*** Records provided ***
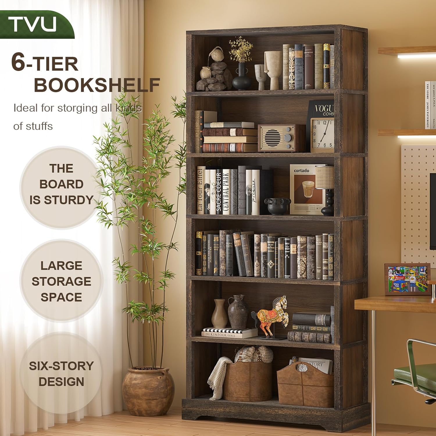 【Versatile Usage Scenarios】This 6-tier wood bookshelf measures 77.2″H x 31.5″W x 11″D; the tall bookshelf is suitable for study, bedroom, living room, office and other scenarios, and can be used to store your books, photo albums, artworks and CDs, meeting your personalized storage needs.
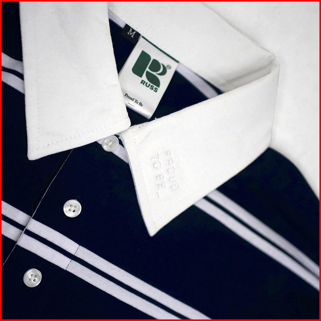 Russ Poloshirt Rugby Pria Stripe Garis Scrum Navy Blue Up To Big Size
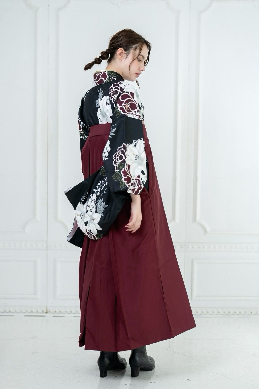 着物ジェンヌ 卒業式袴3点セット 黒 エンジ 古典柄 二尺袖 着物 袴 レディース袴 大学生 小学生の検索結果
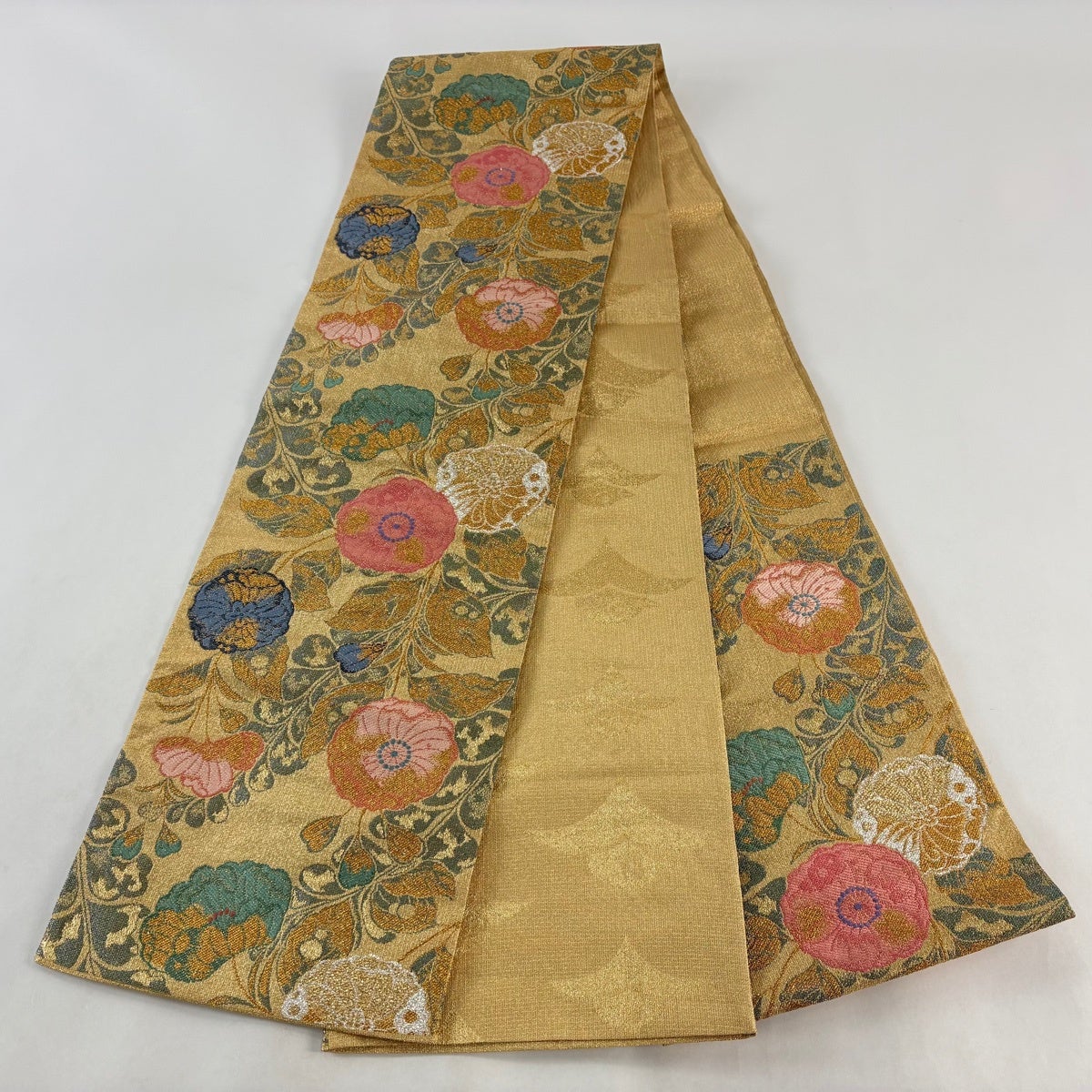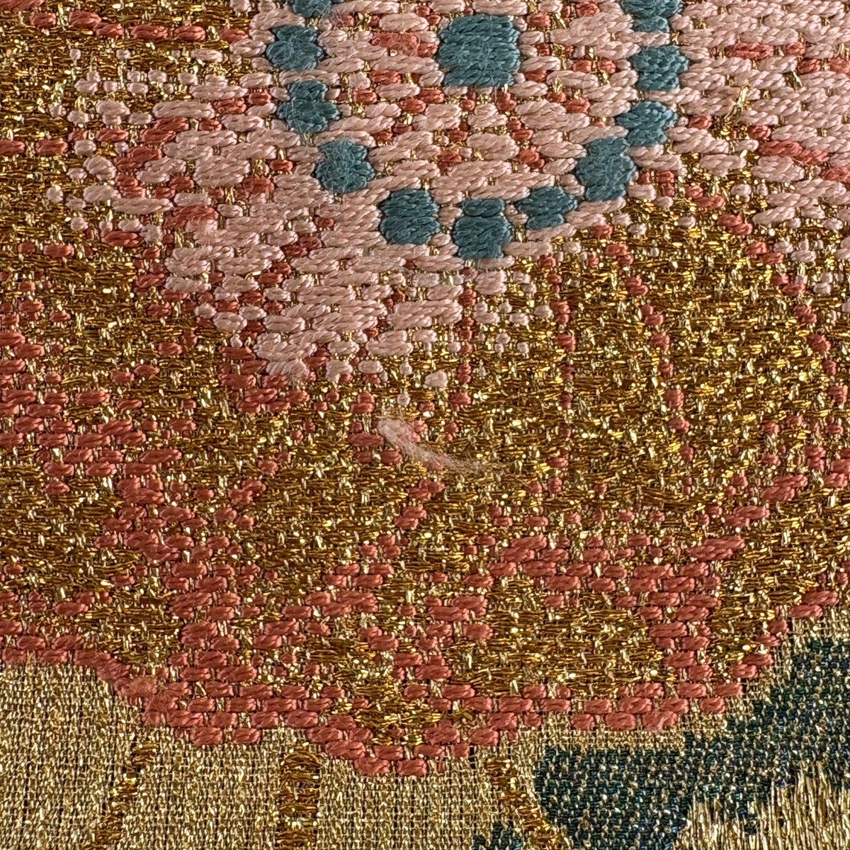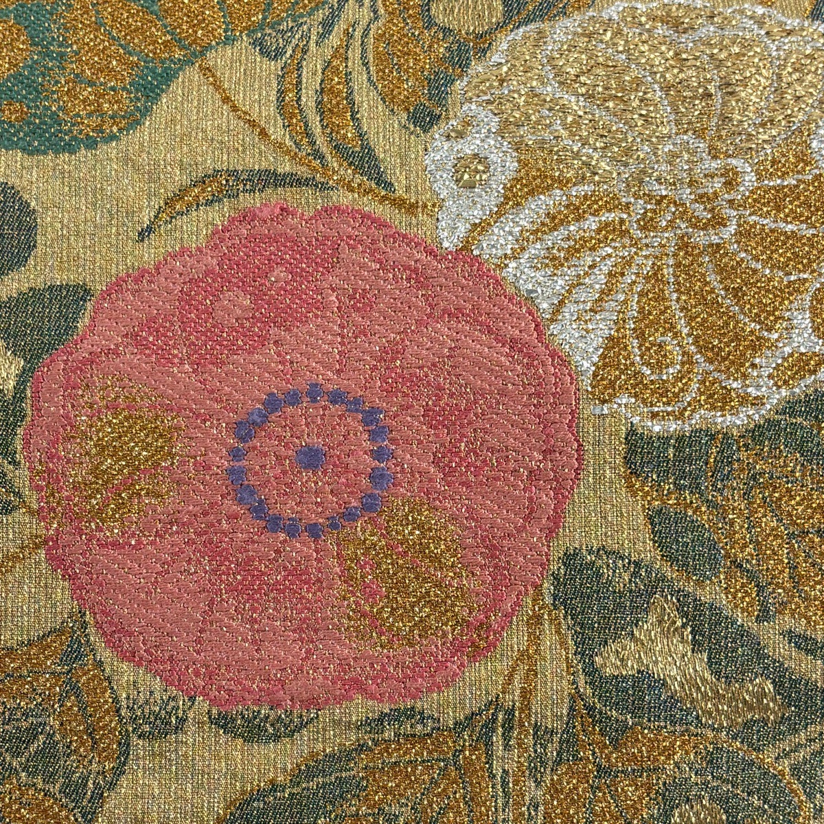 袋帯 秀品 華文 箔 刺繍 金色 六通 正絹
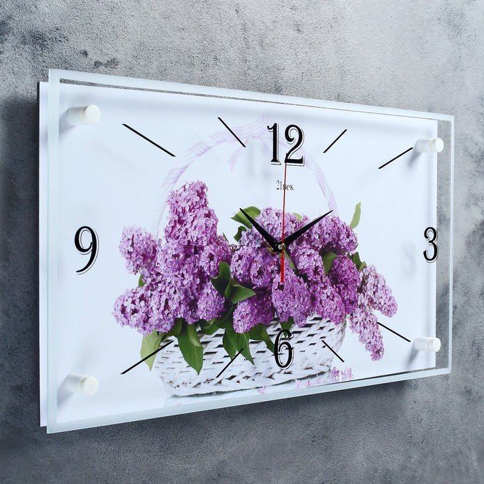 Часы настенные прямоугольные "Сирень в корзине", 52х26 см микс
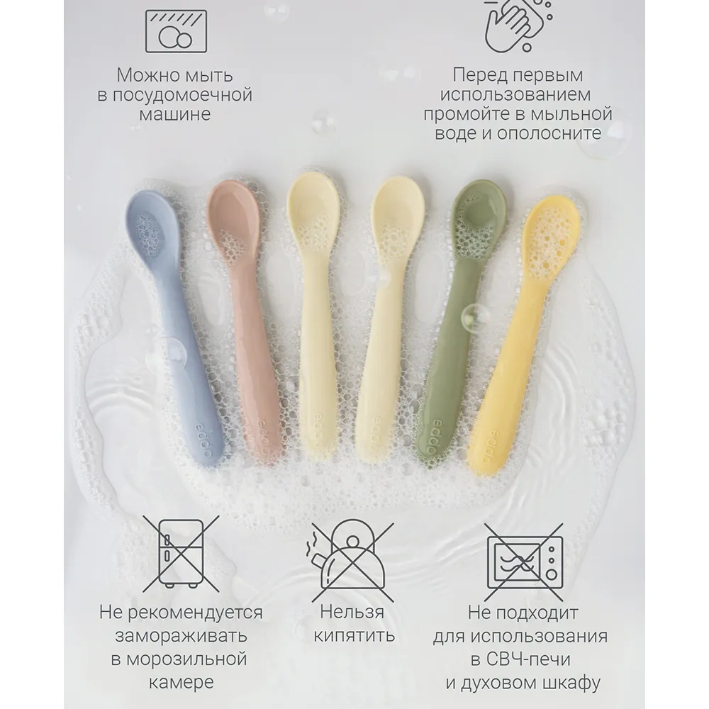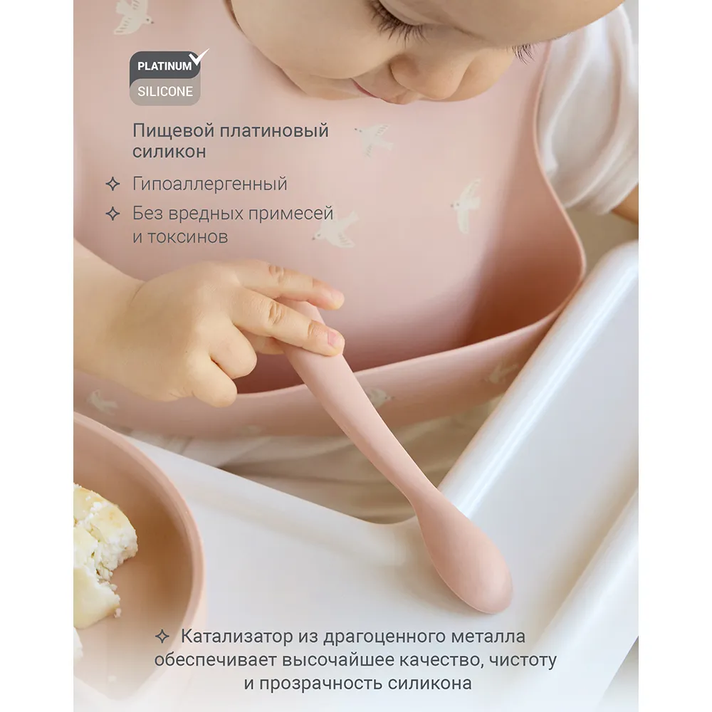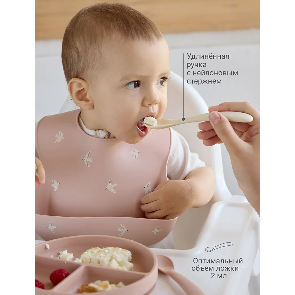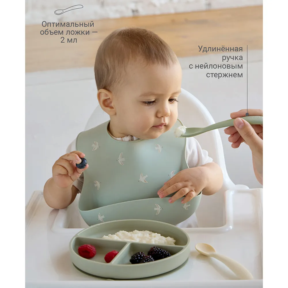 Набор силиконовых ложек с мягким черпачком и эргономичной ручкой с нейлоновым стержнем внутри для комфортного кормления. Черпачок оптимального объёма 2 мл выполнен из 100% мягкого платинового силикона, полностью безопасного для дёсен малыша. Ложки легко моются в посудомоечной машине. Набор выполнен из платинового силикона пастельных оттенков — безопасного, практичного и приятного на ощупь.
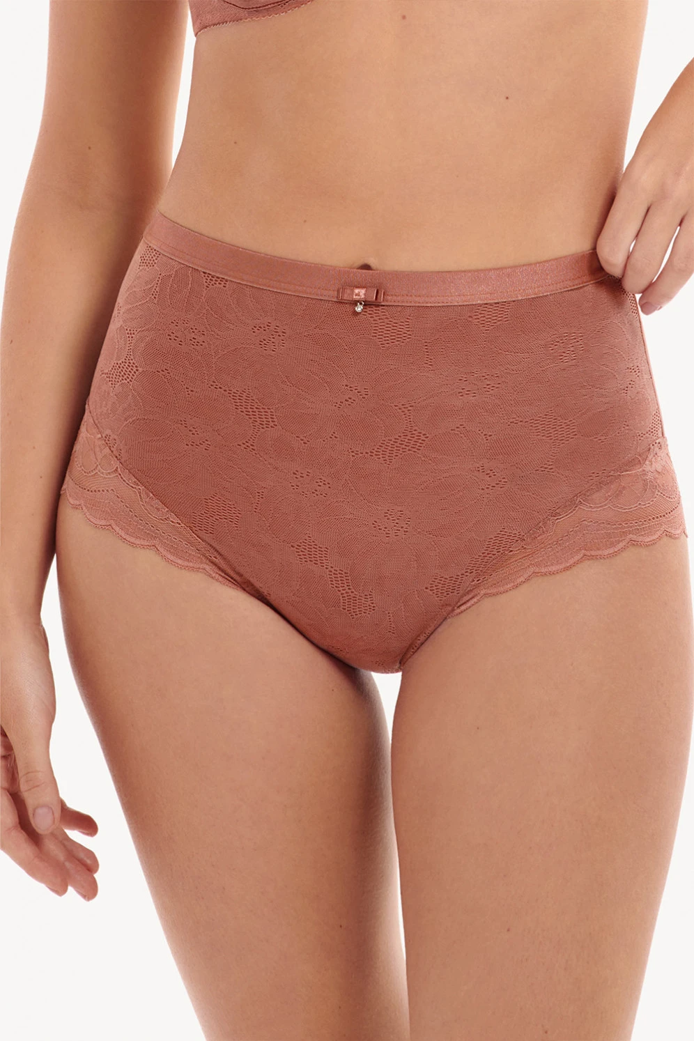 Dieser hohe Lisca Slip gewährt hohen Alltagskomfort bis Konfektionsgröße 50! Er ist funktionell und kaschiert zugleich kleinere Problemzonen, zeigt sich mit einer wunderschönen Kombination aus Spitzenstoff, vorn diskret mit Tüll unterlegt, und geschmeidiger Wirkware. Nahtlose Randbesätze am Beinausschnitt sorgen für sanftes und unsichtbares Tragen. Der obere Abschluss mit dem flachen und modernen, dezent schimmendern Elastikband garantiert völlige Bewegungsfreiheit, ein zartes Schleifchen mit funkelndem Strassstein ist liebevolle Zierde.
*** End of Records provided ***
Task statement
Each entry should be repeated exactly as it appears; the pictures stay out.

Exercise solution
 【Versatile Usage Scenarios】This 6-tier wood bookshelf measures 77.2″H x 31.5″W x 11″D; the tall bookshelf is suitable for study, bedroom, living room, office and other scenarios, and can be used to store your books, photo albums, artworks and CDs, meeting your personalized storage needs.
 Russ Poloshirt Rugby Pria Stripe Garis Scrum Navy Blue Up To Big Size
 着物ジェンヌ 卒業式袴3点セット 黒 エンジ 古典柄 二尺袖 着物 袴 レディース袴 大学生 小学生の検索結果
 袋帯 秀品 華文 箔 刺繍 金色 六通 正絹
 Часы настенные прямоугольные "Сирень в корзине", 52х26 см микс
 Набор силиконовых ложек с мягким черпачком и эргономичной ручкой с нейлоновым стержнем внутри для комфортного кормления. Черпачок оптимального объёма 2 мл выполнен из 100% мягкого платинового силикона, полностью безопасного для дёсен малыша. Ложки легко моются в посудомоечной машине. Набор выполнен из платинового силикона пастельных оттенков — безопасного, практичного и приятного на ощупь.
 Dieser hohe Lisca Slip gewährt hohen Alltagskomfort bis Konfektionsgröße 50! Er ist funktionell und kaschiert zugleich kleinere Problemzonen, zeigt sich mit einer wunderschönen Kombination aus Spitzenstoff, vorn diskret mit Tüll unterlegt, und geschmeidiger Wirkware. Nahtlose Randbesätze am Beinausschnitt sorgen für sanftes und unsichtbares Tragen. Der obere Abschluss mit dem flachen und modernen, dezent schimmendern Elastikband garantiert völlige Bewegungsfreiheit, ein zartes Schleifchen mit funkelndem Strassstein ist liebevolle Zierde.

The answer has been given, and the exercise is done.